After locating the line with "Maailmaa nähnyt täyspuinen", repeat it and every following line to the end of the listing, exactly. Omit the pictures.

> COLLECTED DATA
*-*-*
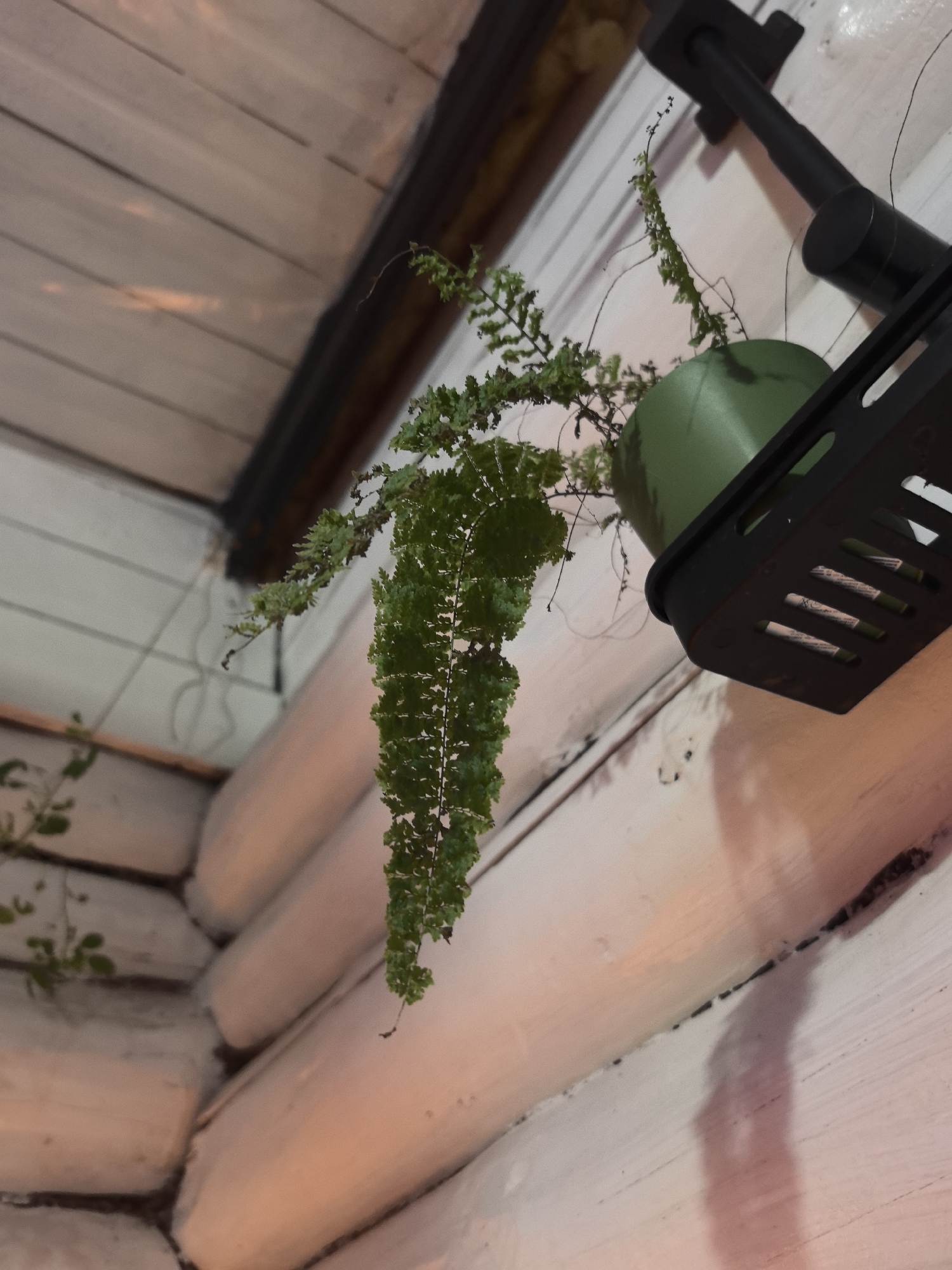 potted fern hanging on a wall constructed of light-colored logs. The pot is green and is held by a black, rectangular wall-mounted bracket. The fern has delicate, feathery fronds, some of which droop downwards. The image is taken from a low angle, looking up at the plant and wall. The location in Noviy, Russia is not determinable from the content of this picture.
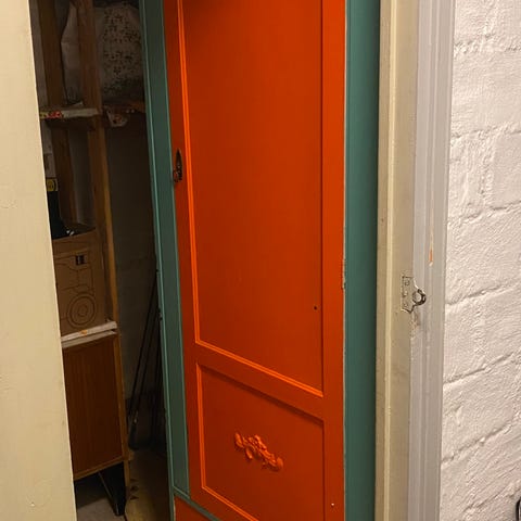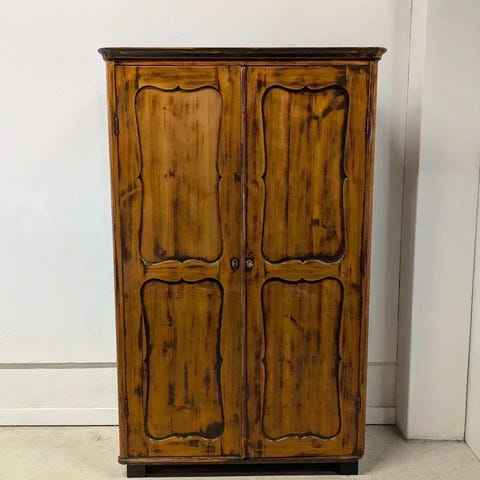 Maailmaa nähnyt täyspuinen antiikki kaappi joka taipuu moneksi.
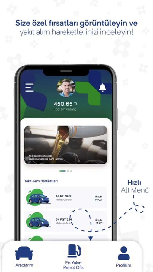 ArtıNokta ile akaryakıt alırken aracınızdan inmenize gerek kalmaz. Uzun ödeme kuyruklarına girmeden, yalnızca telefonunuzu kullanarak hızlı, indirimli, güvenli, kolay yakıt alabilirsiniz, üstelik yakıt tüketiminize bağlı olarak indirimli oranlarımızdan da yararlanabilirsiniz.
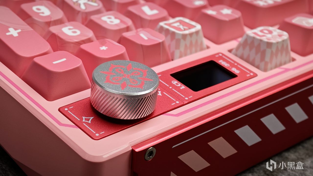 在旋鈕部分,可以看到採用的是金屬的D口旋鈕,在旋鈕側邊有着大量的防滑紋設計,即使是單手使用也不會因爲滑導致旋鈕不動,在上方還選擇了和這次主題很搭配的花紋。下方和隔壁的屏幕部分有做單獨的區分,和整個按鍵區域有很明顯的區域劃分。
*-*-*
> RESPONSE BELOW
 Maailmaa nähnyt täyspuinen antiikki kaappi joka taipuu moneksi.
 ArtıNokta ile akaryakıt alırken aracınızdan inmenize gerek kalmaz. Uzun ödeme kuyruklarına girmeden, yalnızca telefonunuzu kullanarak hızlı, indirimli, güvenli, kolay yakıt alabilirsiniz, üstelik yakıt tüketiminize bağlı olarak indirimli oranlarımızdan da yararlanabilirsiniz.
 在旋鈕部分,可以看到採用的是金屬的D口旋鈕,在旋鈕側邊有着大量的防滑紋設計,即使是單手使用也不會因爲滑導致旋鈕不動,在上方還選擇了和這次主題很搭配的花紋。下方和隔壁的屏幕部分有做單獨的區分,和整個按鍵區域有很明顯的區域劃分。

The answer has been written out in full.